A rumor was not truth.
But rumor was powerful because it didn't need truth.
It only needed attention.
June's fingers hovered over her phone.
She wanted to message XH.
She wanted to say, "Be careful."
She wanted to say, "Don't talk to her outside again."
She wanted to say, "Do you know what people are doing?"
She wanted to say, "Are you choosing her?"
She didn't send anything.
Because pride is also a type of silence.
Across campus, Kitty also saw it.
NC sent it with a single message.
"Don't look. But it's already spreading."
Kitty's hands trembled slightly as she stared at the photo.
She looked like a silhouette.
A symbol.
Not a person.
Kitty's first instinct was to pray.
Not for the forum to stop.
For her heart to stay clean.
Then her phone buzzed.
XH.
"You saw it?"
Kitty stared at his message for a long time.
Then she typed.
"Yes."
XH replied quickly.
"I'm sorry."
Kitty's throat tightened.
She typed slowly, carefully.
"You don't have to apologize for standing near me."
A pause.
Then XH: "I'm not apologizing for that. I'm apologizing because you didn't deserve to be turned into entertainment."
Kitty blinked hard.
Her vision blurred slightly.
She did not let herself cry.
Not yet.
She typed back.
"Neither did June."
XH didn't reply immediately.
When he did, the message was short.
"I know."
The ending beat
Before sleeping, June stood by her window, looking out at the gray sky.
Still no rain.
The air felt wrong.
She thought about Kitty's voice in the corridor earlier.

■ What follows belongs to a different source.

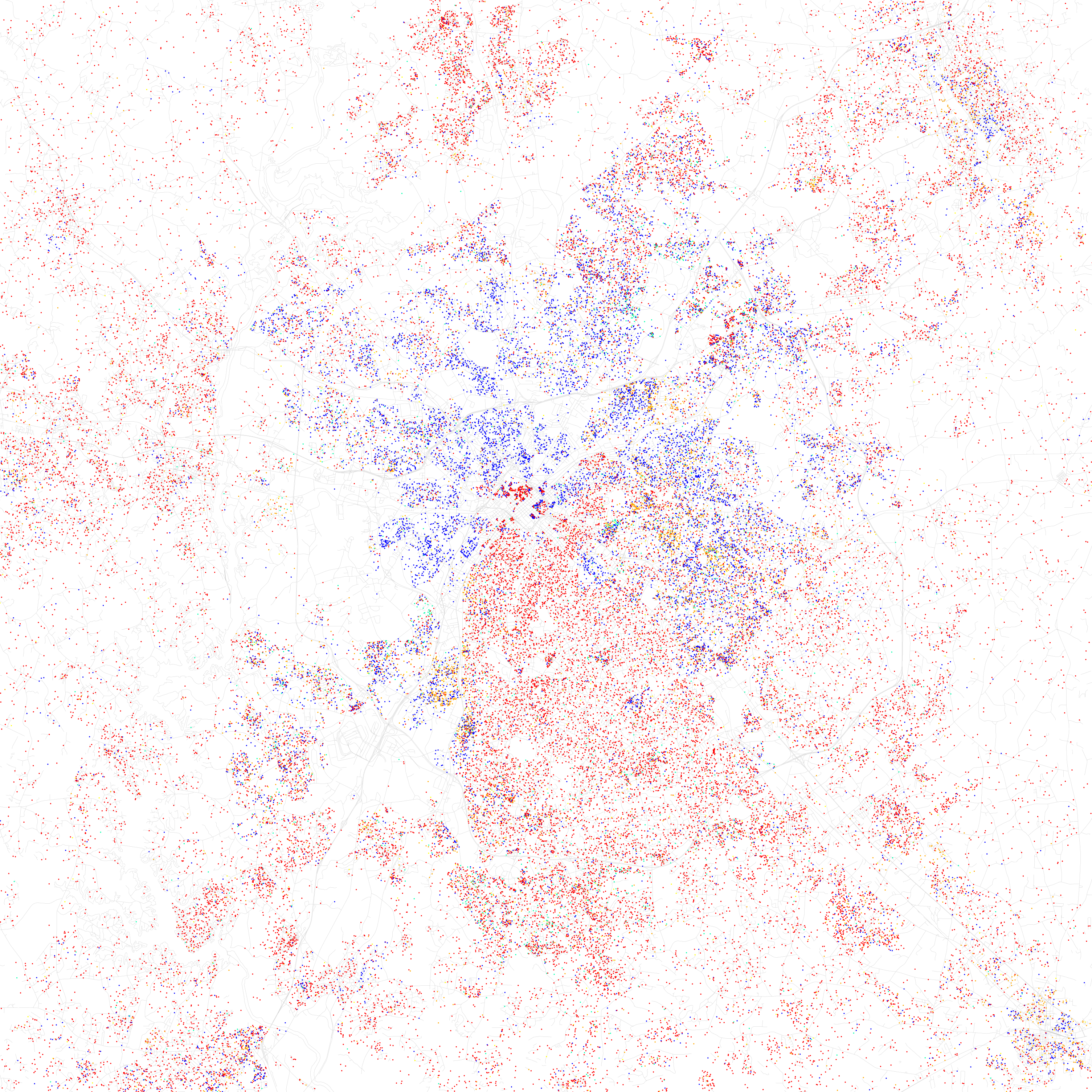 Maps of racial and ethnic divisions in US cities, inspired by Bill Rankin's map of Chicago, updated for Census 2010. Red is White, Blue is Black, Green is Asian, Orange is Hispanic, Yellow is Other, and each dot is 25 residents. Data from Census 2010. Base map © OpenStreetMap, CC-BY-SA

Soft. Honest. Trying.
She thought about her own words.
Control.Mine.Lose it.
June pressed a hand to her chest.
She didn't want to hate Kitty.
She didn't even want to compete like this.
But the campus had turned it into a battlefield, and June had never been raised to walk away from battles.
Her phone buzzed again.
Another forum screenshot.
A new caption, bolder.
"Queen Selection is not about crowns. It's about who gets him."
June's jaw tightened.
She whispered into the quiet room, voice barely audible.
"They don't get to write my story."
Across campus, Kitty lay in bed, phone face down beside her pillow.
She whispered her own sentence into the darkness.
"Please let me stay kind."
Two girls, two prayers, one spotlight.
And a campus that fed on rumors like it was starving.
The story was tightening.
Not because someone had kissed.
Because everyone was waiting for someone to break.